Root Cause: Each Python process generated different shared broker keys in memory. Backend process generated one set of CurveZMQ keys, modelservice process generated different keys. When modelservice tried to authenticate with the broker using mismatched keys, authentication failed silently and messages were dropped.

Debugging Challenge: CurveZMQ authentication failures are silent - no error messages, connections appear successful, but messages are dropped at the protocol level.

Failed Approach: Assuming _SHARED_BROKER_KEYS = None with runtime generation would work across processes. This only works within a single process.

Solution: Replace runtime key generation with fixed static keys that all processes can use:

# Before (broken across processes)
_SHARED_BROKER_KEYS = None
def _get_shared_broker_keys():
    if _SHARED_BROKER_KEYS is None:
        broker_public, broker_secret = zmq.curve_keypair()  # Different per process!

# After (works across processes)  
_SHARED_BROKER_PUBLIC = "Yne@$w-vo<fVvi]a<NY6T1ed:M$fCG*[IaLV{hID"
_SHARED_BROKER_SECRET = "D:)Q[IlAW!ahhC2ac:9*A}h:p?([4%wOTJ%JR%cs"
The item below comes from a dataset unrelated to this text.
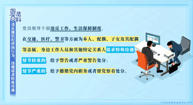 上述这些都属于谋求特殊待遇、搞特殊化行为,应坚决予以纠正,并视其情节轻重,给予相应处分。党和国家对党员领导干部的工作生活待遇标准作了明确规定,党员领导干部应当保持清正廉洁的政治本色,不搞特殊化,不谋求特殊待遇。

Key Lessons: - CurveZMQ authentication failures are completely silent - no errors, just dropped messages - Shared keys must be truly shared across processes, not generated per-process - Multi-process systems need persistent/static keys for CurveZMQ authentication - Always test encryption with multiple separate processes, not just single-process tests - CurveZMQ debugging requires message-level tracing, connection success doesn't guarantee message delivery

ZMQ Client Authorization and Encrypted Message Bus¶

Problem: ZMQ log transport showed "LOG SENT successfully" messages but logs never reached the database. Transport appeared to connect successfully but messages were silently dropped.

Root Cause: The "zmq_log_transport" client was not included in the message bus broker's authorized client list. Without authorization, the client couldn't authenticate with CurveZMQ encryption, causing all messages to be silently rejected by the broker.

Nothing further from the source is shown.